Au début de lété, l'ASVEL envisageait un budget nettement supérieur à 50 millions d'euros mais il a été retoqué par la DNCCG et ramené à 24 millions d'euros. Tony Parker a bien sûr été interrogé sur le sujet. Sa réponse rapportée par Le Progrès :
« Je comprends la frustration par rapport à ce qu’on avait prévu de mettre en place. Je suis quelqu’un qui rêve en grand. Et j’essaie d’aller vite, de bouger les lignes. Et quand tu es pionnier, c’est toujours difficile. Ce n’est pas facile de faire des gros projets en France. Vous connaissez la situation économique dans le pays. Mais un budget de 24 millions, c’est 6 millions de plus que l’année dernière, soit une augmentation de presque 30 %… Combien de sociétés en France ont fait plus ? On a le plus gros budget dans le basket français. »

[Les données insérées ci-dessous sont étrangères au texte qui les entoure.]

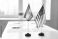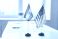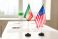 • Flags diplomacy meeting on table symbolize negotiations. Iran and United States flags at conference table; dialogue, agreement, conflict. Represents international relations and strategic negotiation.
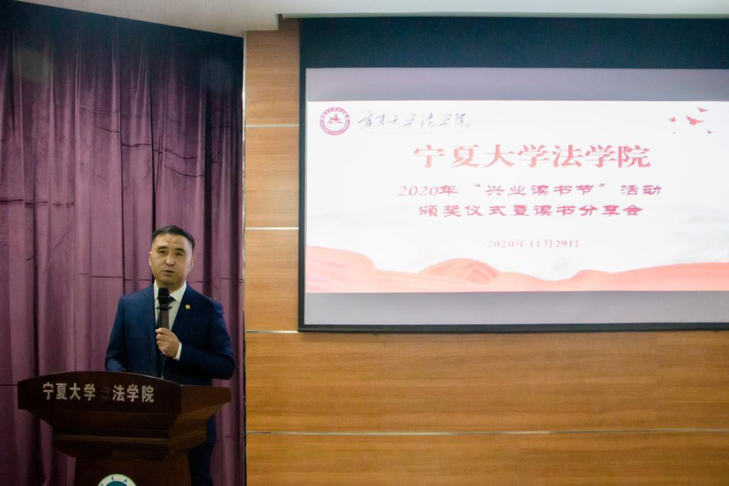 于11月29日晚在文荟楼模拟法庭举办2020年“兴业读书节”活动颁奖仪式暨读书分享会。学院党委书记潘瑞、副书记杨扬,宁夏兴业律师事务所合伙人郝运清、杨玉君、马力国,黄瓜视频

A propos de sa double casquette, il a expliqué :
« J’ai la chance d‘être très bien entouré. Que ce soit le front office avec Michel Veyronnet, Charles Kahudi, Florent Piétrus. Ils veulent juste que je me concentre sur le terrain et mon job d’entraîneur. Le but, c’est de continuer à faire grandir le club. Je veux être là sur les 15-20 prochaines années, et pas vivre quelque chose comme Monaco. Le plus important, c’est qu’on ait un projet qui soit pérennisé dans le temps. Et si tout est décalé d’un an, c’est comme ça. Tout arrive pour une raison. »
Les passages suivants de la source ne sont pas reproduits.